» **What needs to be done**:
Give all the lines below again, exactly, with no pictures.

-- Data segment follows --

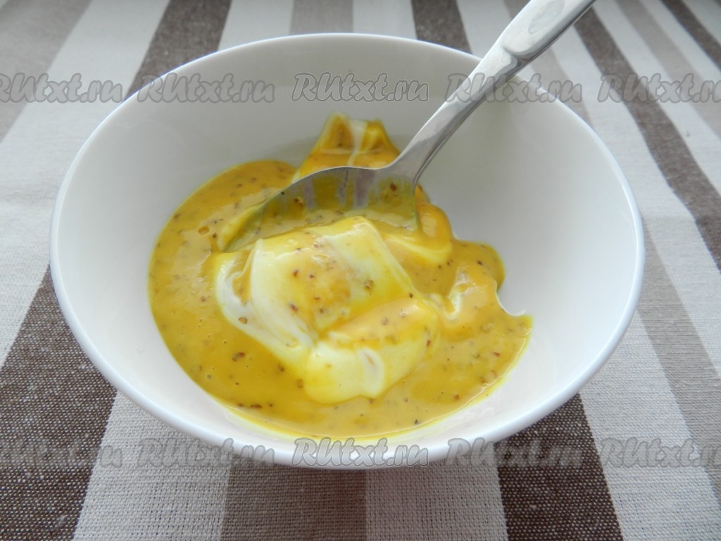 Смешать горчично-апельсиновый соус с майонезом и добавить оригинальную заправку в салат.
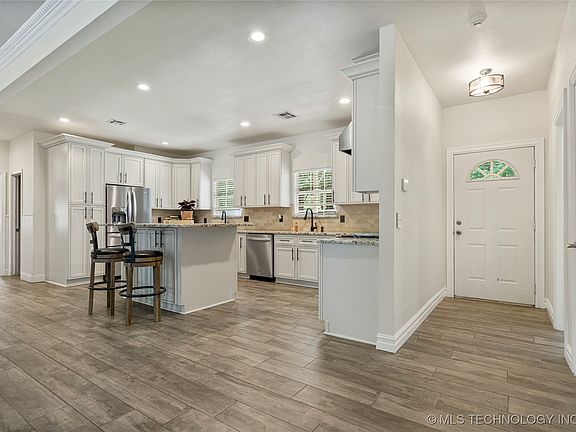 This SUPER SPACIOUS home on 2.5 acres HAS IT ALL; a 20x30 metal shop, storage shed, fenced chicken coop, mature trees, and outdoor living. Newly remodeled kitchen boasts a large center island, custom cabinetry, double sinks, a gorgeous Hallman professional stove with double ovens, convection capability, gas burners, griddle, and a stainless steel vent hood with pull down warming racks. This home would be ideal for multigenerational living with two primary suites, plus a bonus suite with its own entrance on the main floor. There is a large game room, two spacious bedrooms and a full bathroom upstairs. Enjoy nights out on the covered patio, or a beautiful sunrise from your front porch. Oversized attached garage.
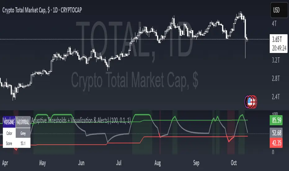 This indicator identifies market regimes (trending vs. mean-reverting) using adaptive thresholds that adjust to recent market conditions.

-- Data segment concluded --

» **Solution**:
 Смешать горчично-апельсиновый соус с майонезом и добавить оригинальную заправку в салат.
 This SUPER SPACIOUS home on 2.5 acres HAS IT ALL; a 20x30 metal shop, storage shed, fenced chicken coop, mature trees, and outdoor living. Newly remodeled kitchen boasts a large center island, custom cabinetry, double sinks, a gorgeous Hallman professional stove with double ovens, convection capability, gas burners, griddle, and a stainless steel vent hood with pull down warming racks. This home would be ideal for multigenerational living with two primary suites, plus a bonus suite with its own entrance on the main floor. There is a large game room, two spacious bedrooms and a full bathroom upstairs. Enjoy nights out on the covered patio, or a beautiful sunrise from your front porch. Oversized attached garage.
 This indicator identifies market regimes (trending vs. mean-reverting) using adaptive thresholds that adjust to recent market conditions.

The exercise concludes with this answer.